Genting Malaysia slips to MYR1.4bn loss in first half

| By contenteditor
The Genting Malaysia division of conglomerate Genting Group has posted a loss of MYR1.4bn (£371.0m/€416.8m/$499.9m) for the first half of the year, due to the temporary closure of its leisure and hospitality facilities as a result of the novel coronavirus (Covid-19) pandemic.

The Genting Malaysia division of conglomerate Genting Group has posted a loss of MYR1.4bn (£371.0m/€416.8m/$499.9m) for the first half of the year, due to the temporary closure of its leisure and hospitality facilities as a result of the novel coronavirus (Covid-19) pandemic.

Revenue in the six months to 30 June amounted to MYR2.1bn, which was 61.2% lower than MYR5.34bn in the corresponding period last year.

Genting said that it saw a 64.3% drop in revenue from its leisure and hospitality facilities in Malaysia, with the closure of sites due to Covid-19 pushing revenue down to MYR1.31bn.

In line with Malaysian government orders, Genting closes all of its sites in the country on 18 March, and did not resume operations until 19 June. However, all of its locations in Malaysia continue to run at a reduced capacity, with Genting saying this is likely to impact its performance in the second half.

Genting also included its activities in other regions as part of its wider Malaysian business, revealing that leisure and hospitality revenue in the UK and Egypt was down 51.8% to MYR404.4m, again due to the temporary closure of casinos from mid-March to mid-August.

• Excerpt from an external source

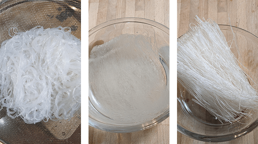 בינתיים משרים אטריות אורז במים חמים עד שהן מתרככות, מסננים ומניחים בצד.

Meanwhile, the temporary shutdown of its casino properties in the US and the Bahamas meant leisure and hospitality revenue in these regions fell 61.2% to MYR289.1m in H1.

Genting recorded property revenue of MYR40.1m in H1, 20.3% lower than the prior year, while investment and other revenue fell 18.5% to MYR29.9m.

Adjusted loss before interest, tax, depreciation and amortisation (LBITDA) stood at MYR130.8m, compared to MYR1.40bn in positive EBITDA at the same point last year.

Pre-operating expenses amounted to MYR40.8, down from MYR144.7m in 2019, while the operator also noted MYR361.1m in impairment losses and MYR71.5m in redundancy costs for the period.

After accounting for these costs, LBITDA totalled MYR608.2, a stark contrast to MYR1.34bn in earnings during H1 last year.

Depreciation and amortisation costs were up 8.7% to MYR562.4m, while finance costs hiked 61.3% to MYR203.9m, and the operator also recorded a MYR178.7m loss from an associate.

This meant that loss before tax amounted to MYR1.49bn, compared to a profit of MYR758.8m in 2019. Though Genting did receive MYR114.0m in tax benefits, it still posted a net loss of MYR1.38bn for the first half, compared to a MYR565.2m profit last year.

As a result of the negative results in H1, Genting said it will “maintain a cautious stance” on the near-term prospects of the leisure and hospitality industry both in its native Malaysia and its other operating regions.

“The tourism, leisure and hospitality and gaming industries are among the sectors hardest hit by the pandemic,” Genting said. “As the Covid-19 situation continues to evolve, pandemic-related fears and uncertainty may result in the slow recovery of this sector.”

Looking more closely at the second quarter, revenue plummeted by 95.6% from MYR2.60bn to MYR114.9m, with the operator again citing the impact of casino closures as the reason for this.

Malaysia leisure and hospitality was down by 95.3% to MYR82.2m, while UK and Egypt revenue fell 92.1% to MYR33.2m, while US and Bahamas activities led to a MYR31.6m loss.

Adjusted LBITDA totalled MYR486.2m, compared to MYR711.5m in earnings last year, while LBITDA after other income and costs, including MYR71.5m spending related to redundancy, stood at MYR593.4m.

Loss before tax amounted to MYR1.04bn, a significant drop from MYR476.2m in profit in Q2 of 2019, and after receiving MYR121.3m in tax benefits, this left the operator with a total loss of MYR 923.2m for Q2, compared to a MYR403.1m profit last year.

“Whilst the group is encouraged by the resumption of its business in Malaysia and the UK, uncertainties surrounding the full impact of the pandemic on the group’s operations and financial performance remain,” the operator said.

“The board wishes to caution that the group expects its financial results for the financial year ending 31 December to be adversely impacted.”

The news comes after Genting’s Singapore subsidiary last month also posted its results for the second quarter, during which revenue was down by 94% year-on-year to SgD41.3m, with the closure of casinos in the country leading to a SgD$163.3m net loss for the period.